Investigating Model Editing for Unlearning in Large Language Models
Shariqah Hossain, Lalana Kagal

TL;DR
This paper explores the use of model editing algorithms like ROME, IKE, and WISE for unlearning in large language models, demonstrating they can sometimes outperform traditional unlearning methods in forgetting specific information.
Contribution
It introduces new editing targets for unlearning and compares model editing algorithms to baseline unlearning methods, highlighting their strengths and limitations.
Findings
Model editing can surpass baseline unlearning in forgetting quality.
Both approaches struggle to fully unlearn without affecting overall performance.

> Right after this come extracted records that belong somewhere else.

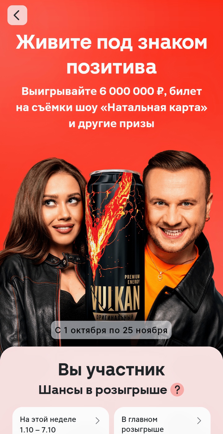 - Нажмите кнопку «Участвовать» в приложении Магнит, чтобы зарегистрироваться в розыгрыше;
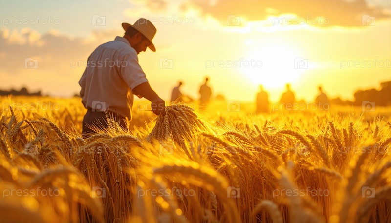 Фермер, собирающий пшеницу при золотом закате солнца, символизирует сельское хозяйство, тяжелый труд, устойчивость и благодарность за сезон урожая и сельскую жизнь
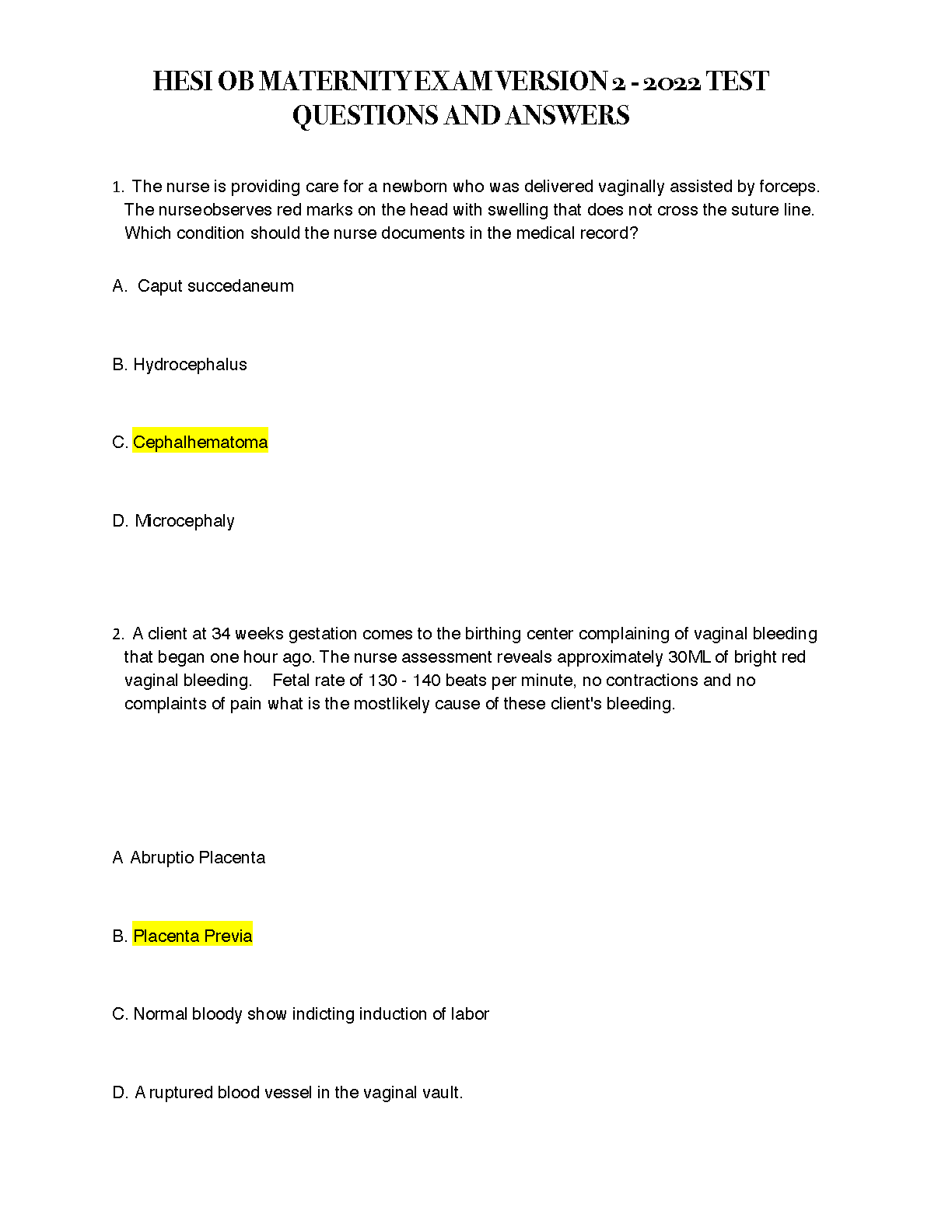 HESI OB Maternity Exam Version 2 - 2022 Test Questions and Answers: Ace Your Exam with this Comprehensive Study Guide
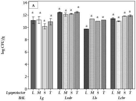 To maintain the high viability of VLB probiotics strains when they are administered, it is necessary to ensure the preservation of their high numbers in the obtained biomass. In this study, freeze-drying was used due to the enhanced stability reached using probiotic micro-organisms during storage via the use of cryoprotectants/lyoprotectants. Therefore, the effect of different cryoprotectants was evaluated (Figure 4).
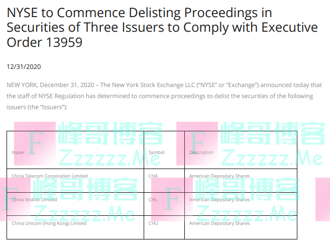今日下午,商务部网站文章称,美东时间12月31日,美国纽约证券交易所发布新闻稿,宣布将启动程序,把中国电信股份有限公司、中国移动有限公司、中国联通(香港)有限公司等三家中国企业从纽交所“摘牌”。
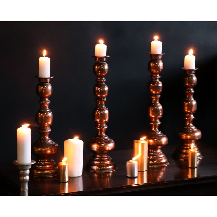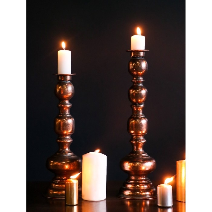 Подсвечник металл на 1 свечу "Эрмете" состаренная бронза 13,5х13,5х36,5 см
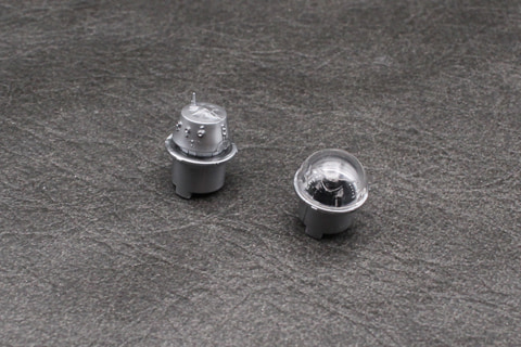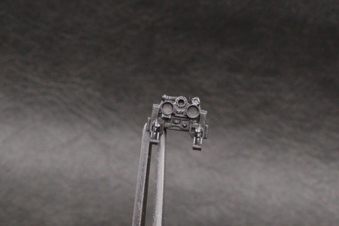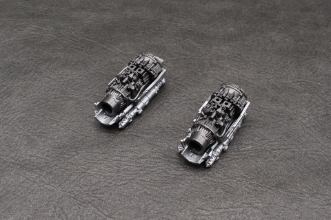 コクピット周辺のメカが完成したら、主翼と上面装甲を被せて両翼の亜光速エンジンを組み立てていく。エンジンの後ろに伸びているのはヒートシンクで、このパーツは左右を間違えないようにはめ込みのダボ穴の形状が違っている。コクピット後方のドロイドポートは外されてグローグーの席となったが、シーズン3ではペリから譲られたR5-D4がここに乗ることになり、そのための選択式パーツも用意。接着をしなければ交換も可能だ。

Model editing approaches are promising but have scope limitations.
Abstract
Machine unlearning aims to remove unwanted information from a model, but many methods are inefficient for LLMs with large numbers of parameters or fail to fully remove the intended information without degrading performance on knowledge that should be retained. Model editing algorithms solve a similar problem of changing information in models, but they focus on redirecting inputs to a new target rather than removing that information altogether. In this work, we explore the editing algorithms ROME, IKE, and WISE and design new editing targets for an unlearning setting. Through this investigation, we show that model editing approaches can exceed baseline unlearning methods in terms of quality of forgetting depending on the setting. Like traditional unlearning techniques, they struggle to encapsulate the scope of what is to be unlearned without damage to the overall model performance.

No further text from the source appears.